Ryanair vows to take off if politicians fail to cut passenger tax
Ryanair has warned it will grow its airline elsewhere if Stormont fails to reconvene and address the burden of air passenger duty (APD).
Kenny Jacobs, chief marketing officer of the budget airline, said the £13 tax levy on every passenger was unfairly impacting on regions like Northern Ireland and "creates an economic hindrance".
It comes after the airline announced it would begin a twice daily Belfast to Manchester service from October, bringing its destinations from Belfast to 13, with two more routes available from the City of Derry Airport. It offers 15 routes over the summer season direct from Belfast.
APD means passengers on short haul flights flying in or out of Belfast and Londonderry must pay around an extra £13.
Critics of the duty claim that it is causing a reduction in the number of potential passengers.
It was axed in the Republic of Ireland in 2014.
Mr Jacobs said: "Travel tax is not good for growth. On every UK flight £13 is added. That is more than a third of the price of our average fare.
"Our growth here has been flat and we would like it to be more significant but that won't happen until APD is looked at."
He said the lack of devolved government here was impacting on the growth of tourism and the economy because ministers could not address the issue.
In Scotland MSPs voted last year in favour of reducing APD, with the hope of scrapping the tax altogether.
"The evidence is there. When tax was removed in Dublin we had double digit growth. There was a strong increase in tourist numbers and if it was removed here there would be an instant boost in jobs and tourism would grow," Mr Jacobs said.
"Research from PwC states if APD is cut it would boost Northern Ireland's GDP by 0.5%."

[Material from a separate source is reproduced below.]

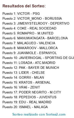 Lista de participantes: COKE - REAL SOCIEDAD, EDU - REAL MADRID, GORRII - MILAN, JIMENYSTELROOY - DEPERTIVO, PEPEDIOS - JUVENTUS, ISMAEL - MALAGA, LOSADA - ATC.MADRID, KRATOS - ARSENAL, LIDER - CHELSE, PODER NEGRITO - M.CITY, MANUWATAGATA - BARCELONA, MAKAROOV - MALLORCA, JUANMIOLE - ESPANYOL, MALAGUEO - VALENCIA, JAVIERNOGAL - SPORTING DE GIJON, PAK - BAYER DE MUNICH, VR46 - ZENIT, VICTOR - PSG, VICTOR_MONO - BORUSSIA, ROMAPRO - M.UNITED.

Ryanair supports 715 on-site jobs in Belfast and 110 at City of Derry. Annually it transports 955,000 passengers through Belfast and 145,000 from Derry.
Mr Jacobs said: "It's a big inconvenience that we can't discuss it in Stormont and what we will say is we will grow elsewhere, where there is no tax. APD is an economic hindrance to growth in Northern Ireland."
Mr Jacobs said Brexit would also pose issues for the airline but urged Stormont to address what "we know is already holding back growth".
"There is uncertainty surrounding Brexit and we will need more than three years to get systems in place, so in the meantime Northern Ireland should be doing everything to boost the economy that it can," he added.